§ **EXERCISE MATERIALS**:
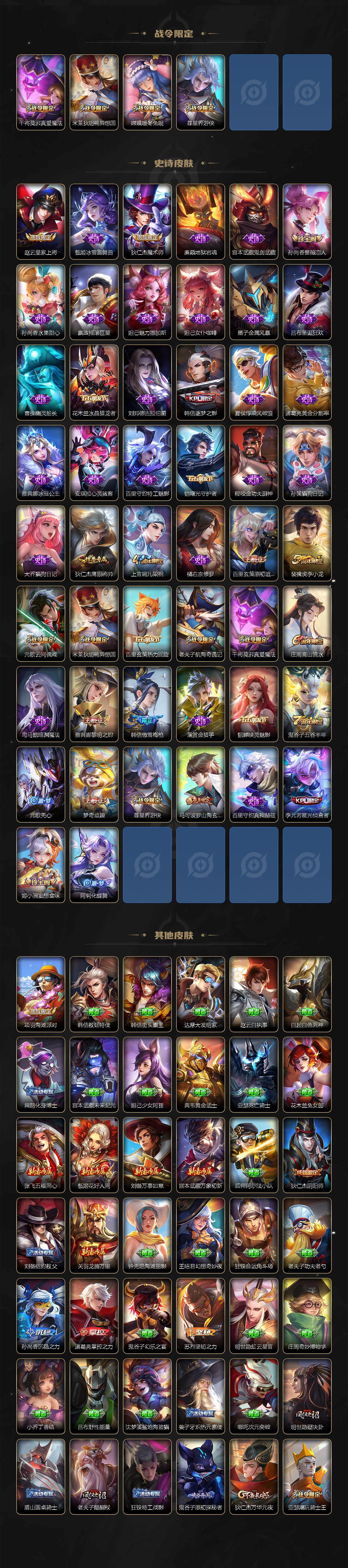 【史诗皮肤】:赵云皇家上将,甄姬冰雪圆舞曲,狄仁杰魔术师,廉颇地狱岩魂,宫本武藏鬼剑武藏,孙尚香蔷薇恋人,孙尚香水果甜心,嬴政摇滚巨星,妲己魅力维加斯,妲己女仆咖啡,墨子金属风暴,吕布圣诞狂欢,曹操幽灵船长,花木兰水晶猎龙者,刘邦德古拉伯爵,韩信逐梦之影,夏侯惇乘风破浪,诸葛亮黄金分割率,雅典娜冰冠公主,安琪拉心灵骇客,百里守约特工魅影,铠曙光守护者,程咬金功夫厨神,孙策猫狗日记,大乔猫狗日记,狄仁杰鹰眼统帅,上官婉儿梁祝,橘右
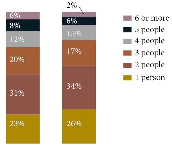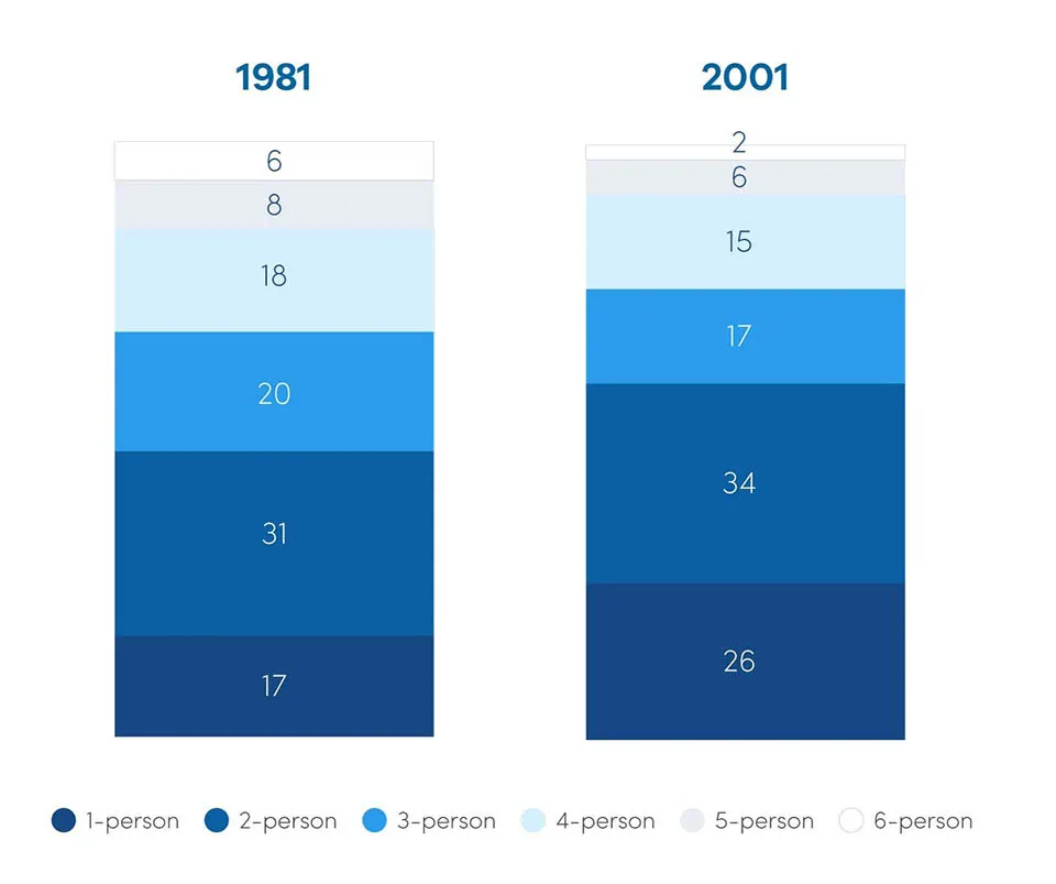 Task 1: The table gives information about changes in the number of people per household in Britain in 1981 and 2001.
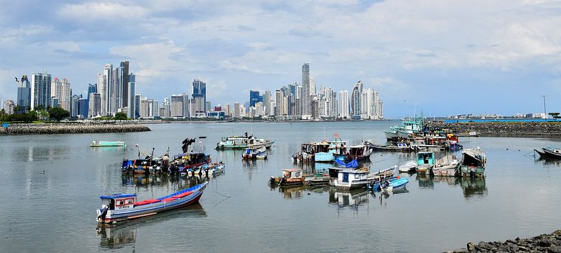 Blick auf den Hafen und die Stadt in der Ferne, Panama-Stadt
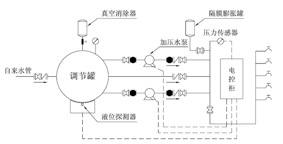 其主要工作原理是:自來水管網(wǎng)的水直接進(jìn)入調(diào)節(jié)罐,罐內(nèi)的空氣從真空消除器內(nèi)排出,待水充滿后,真空消除器自動關(guān)閉。當(dāng)自來水能夠滿足用水壓力及水量要求時(shí),設(shè)備通過旁通止回閥向用水管網(wǎng)直接供水;當(dāng)自來水管網(wǎng)的壓力不能滿足用水要求時(shí),系統(tǒng)通過壓力傳感器給出啟泵信號啟動水泵運(yùn)行。
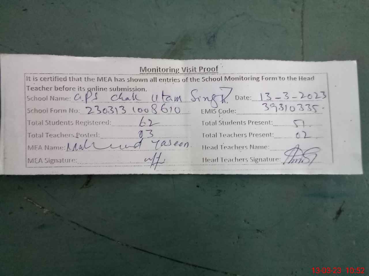 | Attendance Register | Head Teacher | MEA with School | Visit Proof |
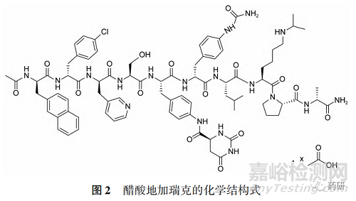該品種分別于 2008 和 2009年在美國和歐洲上市,于 2018 年批準(zhǔn)進口我國,為第 3 代促性腺激素釋放激素(GnRH) 受體阻斷劑,對雄激素依賴性腫瘤有治療作用,適用于需要雄激素去勢治療的前列腺癌患者,目前國內(nèi)外均無仿制藥上市。 其原料藥為化學(xué)合成線性十肽(圖 2),含7 個非天然氨基酸。原料藥易溶于水,但室溫下在0. 1 ~ 10 mg·mL-1濃度的水溶液中會自發(fā)聚集,4h后呈凝膠狀。 該過程受濃度、時間、溫度、鹽含量和蛋白質(zhì)等因素的影響,因此其制劑凍干粉復(fù)溶后雖在體外 1 h 內(nèi)穩(wěn)定性良好,但皮下給藥接觸體液后立即形成凝膠,藥物從凝膠中緩慢釋放,從而起到長效給藥的作用[8]。目前發(fā)現(xiàn)GnRH類似物在水溶液中均有自聚集現(xiàn)象,聚集體的結(jié)構(gòu)和形成凝膠的性質(zhì)因化合物而異。 地加瑞克由于為兩性分子,主要是通過親水端和疏水端相互結(jié)合,并延長聚集形成纖維網(wǎng)絡(luò)最終形成凝膠。 原料藥的這種有條件聚集的特性對制劑最終的安全有效性影響極大,藥學(xué)研究與評價均存在一定的難度。
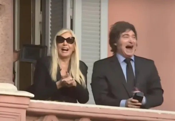 En un video de Susana junto a Milei en el balcón, que se viralizó rápidamente en redes sociales, se puede observar a ambos contentos, alegres y saludando como si abajo hubiese una multitud.
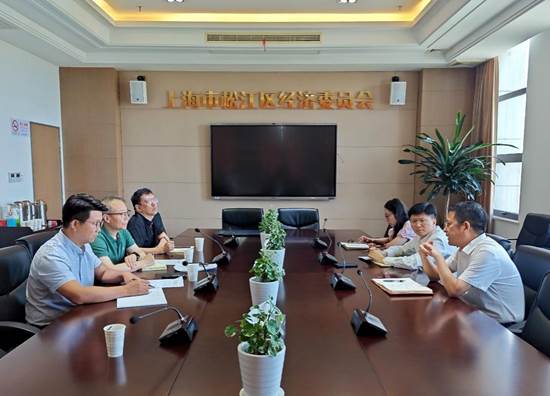 On July 22, Gao Zhu, Dean of the School of Art and Design, Liu Jiang, Deputy Secretary of the Party Committee of the School, and Chen Lu and Liu Wei, representatives of young teachers, visited and exchanged ideas with the Songjiang District Economic Commission. Li Lei, Director of the Songjiang District Economic Commission, Liu Yong, Deputy Director, and Xu Zhishan from the Service Industry Promotion Section received the delegation from the school.
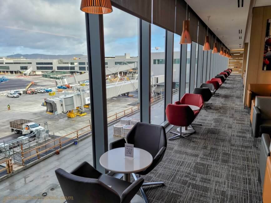 The first thing you probably notice is the floor-to-ceiling windows, which run the length of the lounge. This makes the Admirals Club very bright open and airy. These windows also offer a great view of the airfield and the International Terminal. Once travel picks up again, you can see here many of the big international carriers and many of the A380 as they can only fit on that side of the International Terminal.
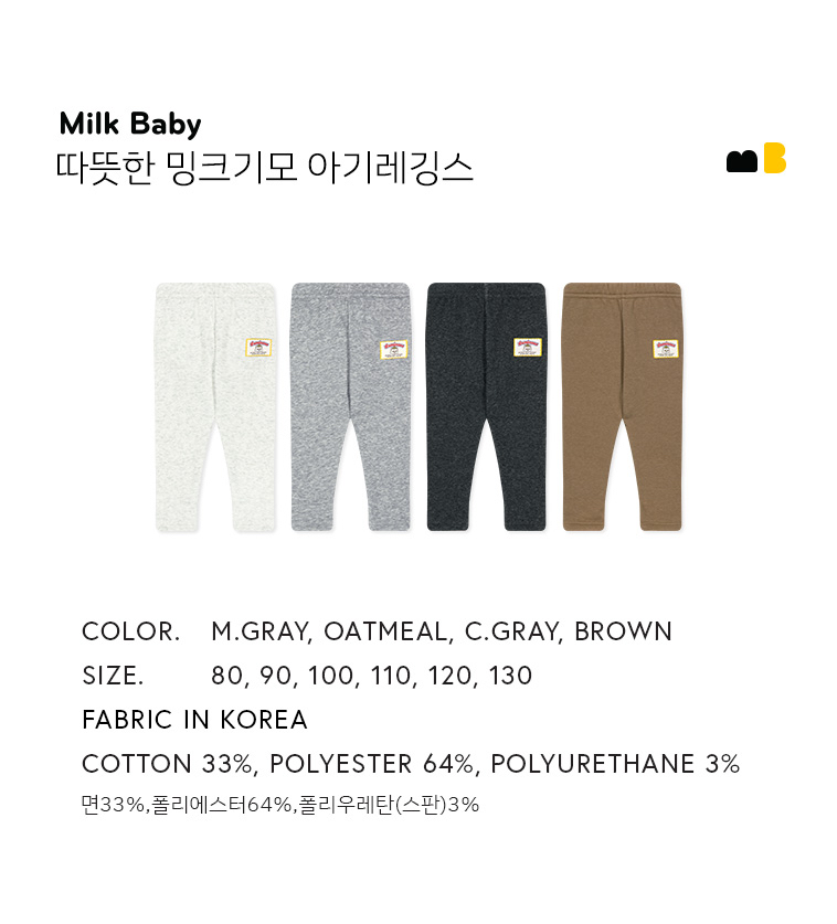 ❄️預訂 韓國直送❄️🇰🇷Milk Baby四色松鼠標籤拉絨緊身打底褲 🚚預計貨期:約14-21個工作日 (貨期有機會提早或延遲) 🎨顏色:灰色|燕麥|深灰|棕色 📐尺碼:80|90|100|110|120|130 棉 33%, 聚酯纖維 64%, 聚氨酯 3% 韓國布料 越南代工 風格資料 合身 :修身 彈性 :中等 厚度 :厚 襯墊 :不存在 穿著季節 :秋冬 📦熱門貨品將跟據客人付款先後次序分配💞 🔺如產品出現斷貨將會全數退回🔺 ⚠️除非有列明 否則不包含其他服飾及配飾

§ **AIM OF THE TASK**:
Set down exactly, from the line that contains "En un video" through the last line of the data, each line as it stands, and leave the pictures out.

§ **EXERCISE OUTPUT**:
 En un video de Susana junto a Milei en el balcón, que se viralizó rápidamente en redes sociales, se puede observar a ambos contentos, alegres y saludando como si abajo hubiese una multitud.
 On July 22, Gao Zhu, Dean of the School of Art and Design, Liu Jiang, Deputy Secretary of the Party Committee of the School, and Chen Lu and Liu Wei, representatives of young teachers, visited and exchanged ideas with the Songjiang District Economic Commission. Li Lei, Director of the Songjiang District Economic Commission, Liu Yong, Deputy Director, and Xu Zhishan from the Service Industry Promotion Section received the delegation from the school.
 The first thing you probably notice is the floor-to-ceiling windows, which run the length of the lounge. This makes the Admirals Club very bright open and airy. These windows also offer a great view of the airfield and the International Terminal. Once travel picks up again, you can see here many of the big international carriers and many of the A380 as they can only fit on that side of the International Terminal.
 ❄️預訂 韓國直送❄️🇰🇷Milk Baby四色松鼠標籤拉絨緊身打底褲 🚚預計貨期:約14-21個工作日 (貨期有機會提早或延遲) 🎨顏色:灰色|燕麥|深灰|棕色 📐尺碼:80|90|100|110|120|130 棉 33%, 聚酯纖維 64%, 聚氨酯 3% 韓國布料 越南代工 風格資料 合身 :修身 彈性 :中等 厚度 :厚 襯墊 :不存在 穿著季節 :秋冬 📦熱門貨品將跟據客人付款先後次序分配💞 🔺如產品出現斷貨將會全數退回🔺 ⚠️除非有列明 否則不包含其他服飾及配飾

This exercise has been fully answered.